### [Try it]
Could you set down the listing below exactly, leaving out its pictures?

### [Data provided]

---

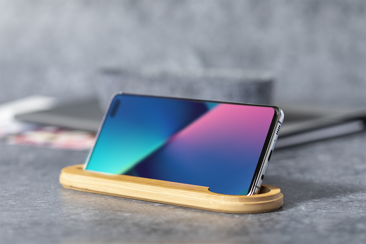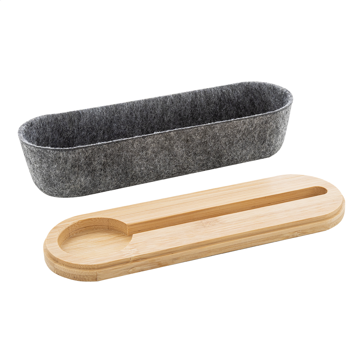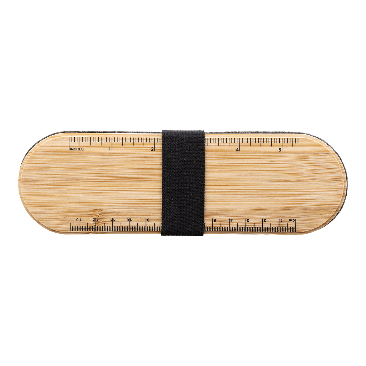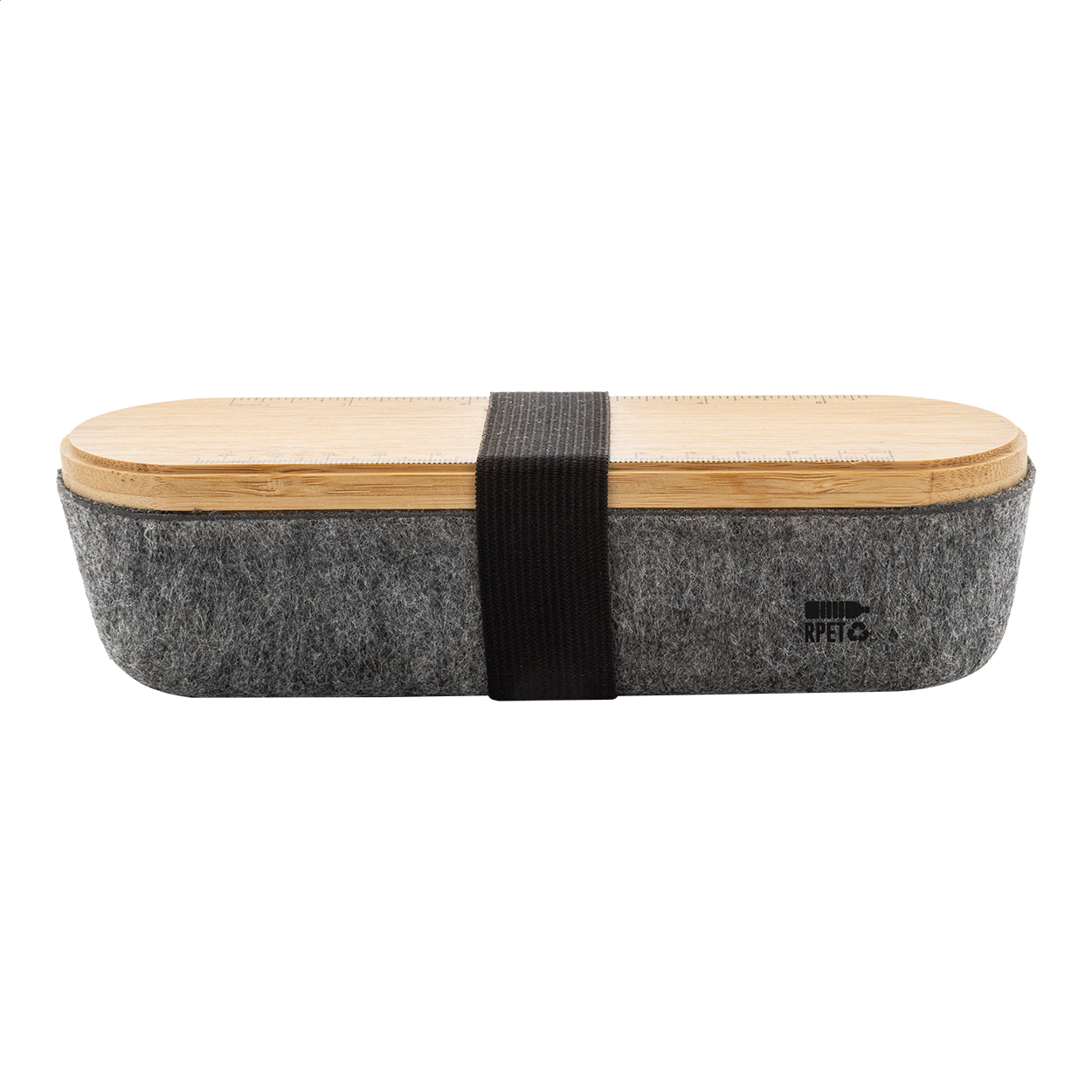 Portapenne in feltro RPET con coperchio in bambù completo di riga, portacellulare integrato ed elastico di chiusura.
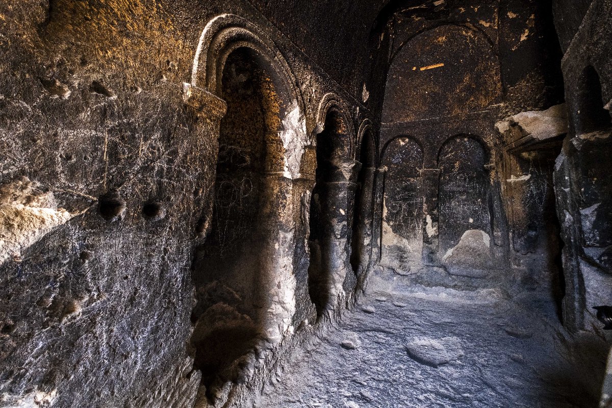 Avdalaz Vadisi’nin girişinin her iki yanındaki kaya evlerin sol yandaki büyük ve çok katlı.. Bu kaya yerleşiminde eğimli tünel çıkışla ulaşılan geniş orta bölümünde dairesel yapılmış duvarda, yan yana koltuk dizileri ile orta boşlukta ocak, depo gibi kullanılan büyük ve derin çukurluklar yer alıyor.
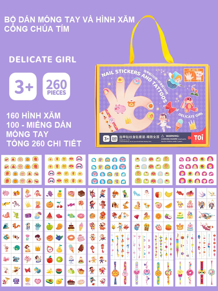 Đồ Chơi Dán Móng Tay và Hình Xăm - TOI Nail Stickers and Tattoos - Chất liệu: Giấy sticker - Độ tuổi thích hợp: 3+ - Thương hiệu: TOI, được nhập khẩu và phân phối
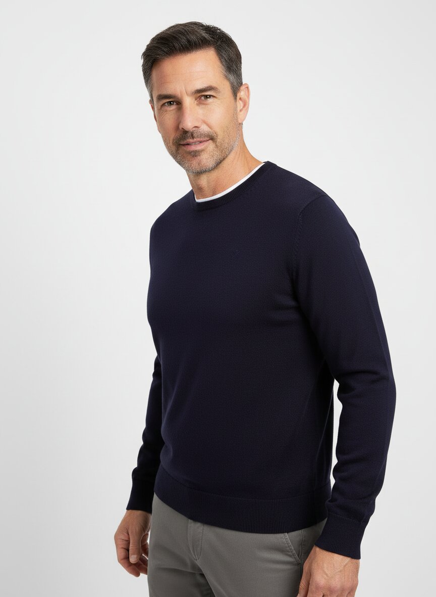 Der Pullover lässt sich vielseitig stylen: Tragen Sie ihn über einem weißen Hemd für den klassischen Oxford-Look oder solo mit einer Leinenhose für sommerliche Leichtigkeit. Das tiefe Marineblau passt perfekt zu Chinos, Jeans oder Anzughosen.
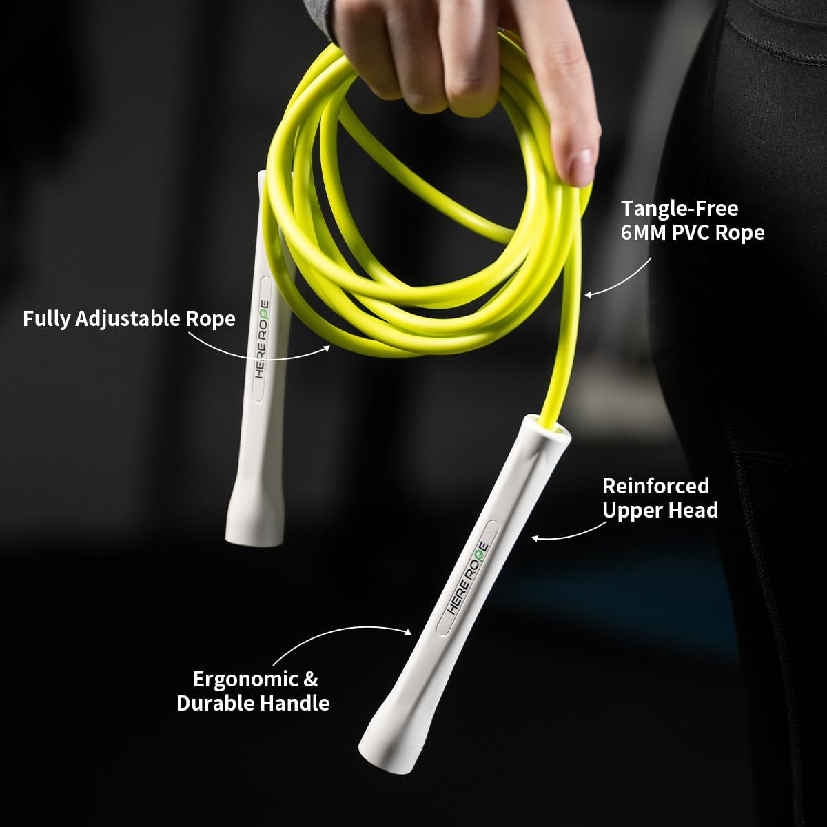 Tangle-Free & Easy To Adjust. Hererope features more rope 10% stiffness and more weight guaranteeing that your jump rope not easy to tangle. Features snap-lock cord ends to easily resize the rope, 10ft length will fit jumpers up to 6’4″ tall.
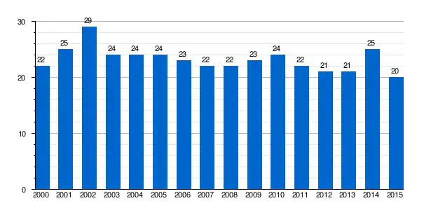 | Gráfica de evolución demográfica de La Omañuela entre 2000 y 2015 |
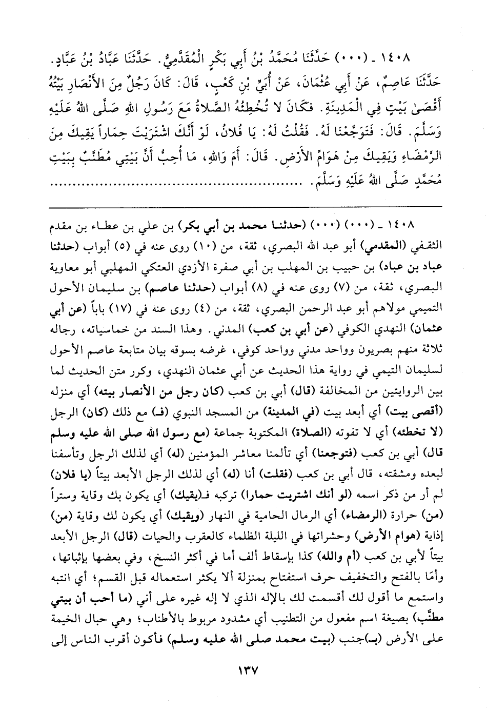 ١٤٠٨ - (٠٠) حَدَّثَنَا مُحَمَّدُ بْنُ أَبِي بَكْرٍ الْمُقَدَّمِيُّ. حَدَّثَنَا عَبَّادُ بْنُ عَبَّادٍ. حَدَّثَنَا عَاصِمٍ، عَنْ أَبِي عُثْمَانَ، عَنْ أُبَيِّ بْنِ كَعْبٍ، قَال: كَانَ رَجُل مِنَ الأَنْصَارِ بَيتُهُ أَقْصَى بَيتٍ فِي الْمَدِينَةِ. فكَانَ لا تُخْطِئُهُ الصَّلاةُ مَعَ رَسُولِ اللهِ صَلَّى اللهُ عَلَيهِ وَسَلَّمَ. قَال: فَتَوَجَّعْنَا لَهُ. فَقُلْتُ لَهُ: يَا فُلانُ، لَوْ أَنَّكَ اشْتَرَيتَ حِمَارًا يَقِيكَ مِنَ الرَّمْضَاءِ وَيَقِيكَ مِنْ هَوَامِّ الأَرْضِ. قَال: أَمَ وَاللهِ، مَا أُحِبُّ أَنَّ بَيتِي مُطَنَّبٌ بِبَيتِ مُحَمَّدٍ صَلَّى اللهُ عَلَيهِ وَسَلَّمَ
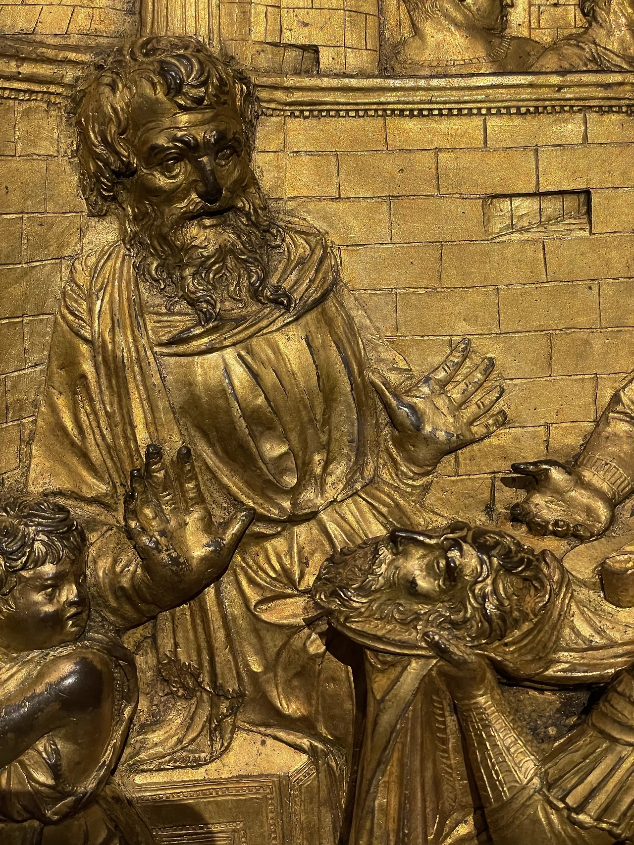 아브라함과 이삭의 이야기를 담고 있습니다. 오른쪽 윗부분에 아버지 아브라함이 칼을 들고 있고, 천사가 급하게 내려와 말리는 모습이 보입니다. 조금만 늦었다면 큰일 날 뻔했습니다. 배경에는 나무들과 돌들이 정밀하게 묘사되어 있어서 관람자들이 한번 만져보고 싶어 더 가까이 다가가게 합니다.

---

### [Result of the task]
 Portapenne in feltro RPET con coperchio in bambù completo di riga, portacellulare integrato ed elastico di chiusura.
 Avdalaz Vadisi’nin girişinin her iki yanındaki kaya evlerin sol yandaki büyük ve çok katlı.. Bu kaya yerleşiminde eğimli tünel çıkışla ulaşılan geniş orta bölümünde dairesel yapılmış duvarda, yan yana koltuk dizileri ile orta boşlukta ocak, depo gibi kullanılan büyük ve derin çukurluklar yer alıyor.
 Đồ Chơi Dán Móng Tay và Hình Xăm - TOI Nail Stickers and Tattoos - Chất liệu: Giấy sticker - Độ tuổi thích hợp: 3+ - Thương hiệu: TOI, được nhập khẩu và phân phối
 Der Pullover lässt sich vielseitig stylen: Tragen Sie ihn über einem weißen Hemd für den klassischen Oxford-Look oder solo mit einer Leinenhose für sommerliche Leichtigkeit. Das tiefe Marineblau passt perfekt zu Chinos, Jeans oder Anzughosen.
 Tangle-Free & Easy To Adjust. Hererope features more rope 10% stiffness and more weight guaranteeing that your jump rope not easy to tangle. Features snap-lock cord ends to easily resize the rope, 10ft length will fit jumpers up to 6’4″ tall.
 | Gráfica de evolución demográfica de La Omañuela entre 2000 y 2015 |
 ١٤٠٨ - (٠٠) حَدَّثَنَا مُحَمَّدُ بْنُ أَبِي بَكْرٍ الْمُقَدَّمِيُّ. حَدَّثَنَا عَبَّادُ بْنُ عَبَّادٍ. حَدَّثَنَا عَاصِمٍ، عَنْ أَبِي عُثْمَانَ، عَنْ أُبَيِّ بْنِ كَعْبٍ، قَال: كَانَ رَجُل مِنَ الأَنْصَارِ بَيتُهُ أَقْصَى بَيتٍ فِي الْمَدِينَةِ. فكَانَ لا تُخْطِئُهُ الصَّلاةُ مَعَ رَسُولِ اللهِ صَلَّى اللهُ عَلَيهِ وَسَلَّمَ. قَال: فَتَوَجَّعْنَا لَهُ. فَقُلْتُ لَهُ: يَا فُلانُ، لَوْ أَنَّكَ اشْتَرَيتَ حِمَارًا يَقِيكَ مِنَ الرَّمْضَاءِ وَيَقِيكَ مِنْ هَوَامِّ الأَرْضِ. قَال: أَمَ وَاللهِ، مَا أُحِبُّ أَنَّ بَيتِي مُطَنَّبٌ بِبَيتِ مُحَمَّدٍ صَلَّى اللهُ عَلَيهِ وَسَلَّمَ
 아브라함과 이삭의 이야기를 담고 있습니다. 오른쪽 윗부분에 아버지 아브라함이 칼을 들고 있고, 천사가 급하게 내려와 말리는 모습이 보입니다. 조금만 늦었다면 큰일 날 뻔했습니다. 배경에는 나무들과 돌들이 정밀하게 묘사되어 있어서 관람자들이 한번 만져보고 싶어 더 가까이 다가가게 합니다.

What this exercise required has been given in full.